Inland Sea refers to New Mexico’s geological history and the time in which the desert was a marine environment. While the ancient sea is long gone, much of the rock from this time remains, and the desert environment, in many ways, retains the vastness of an open sea. The sense of space is an important part of the artwork in this Xeriscape series and invites viewers to alter their awareness of the space they inhabit. Allyson Packer explores spaces in urban landscapes and begins each piece by talking to homeowners to capture the character of domestic landscaping in the southwest.  

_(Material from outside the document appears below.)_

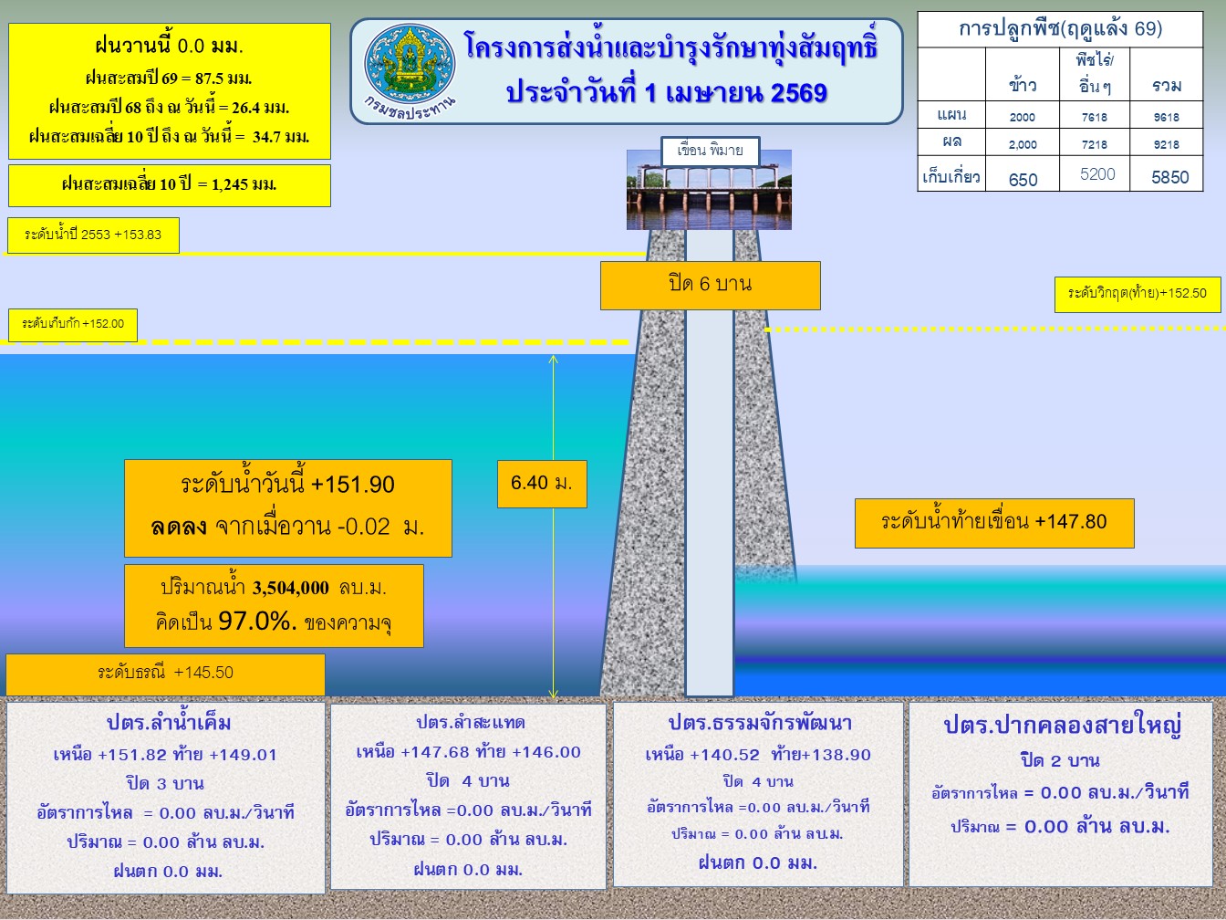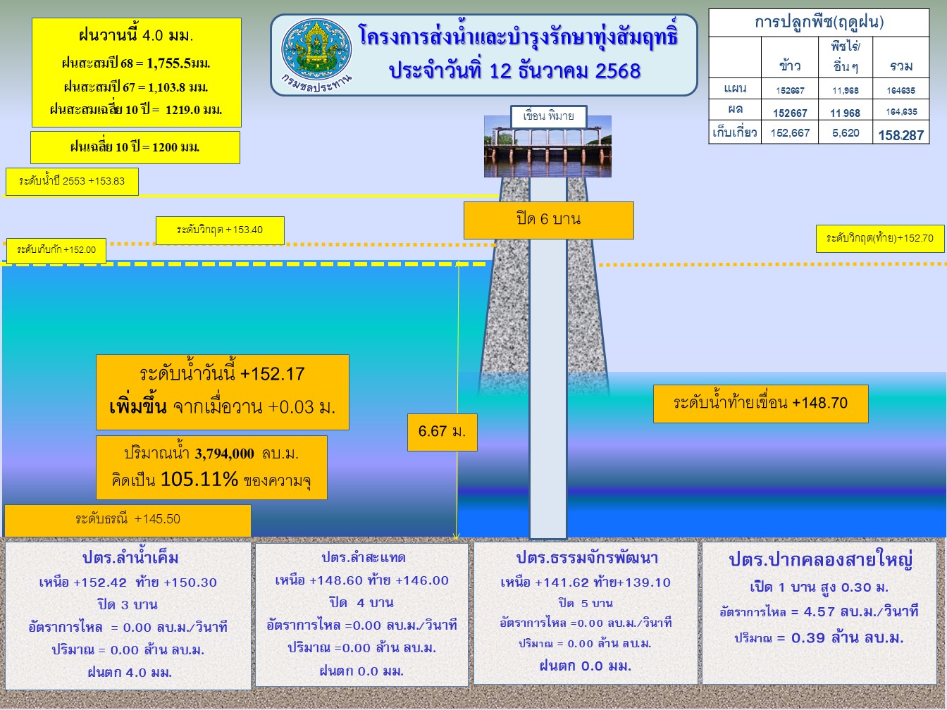 รายงานระดับน้ำ,ปริมาณน้ำ และสภาพน้ำฝนของโครงการฯทุ่งสัมฤทธิ์

four photographs on the walll with bench

The photographic documentation is altered by a tedious process of digitally removing selected elements of each image. The remaining objects in the photographs are left unchanged, preserving their exact location in the landscape and highlighting the homeowner’s unique approach to spatial composition. Each piece is titled after the street number of the home where it was photographed. While this artwork comes from a belief in the aesthetic value of our region’s vernacular landscaping tradition, it also interrogates commonly held conceptions of space in an urban context. It questions the way we typically perceive space, boundaries, and physical barriers in our built environment.

 In contrast, the minimal, open spaces in this body of work ask viewers to envision the possibility of space as an uninterrupted continuum, free of the barriers that restrict our movement from one place to another. The choice to use street numbers to title the photographs reinforces this concept, with each number representing a unique point along a potentially infinite numerical continuum and each composition reminiscent of an inland sea.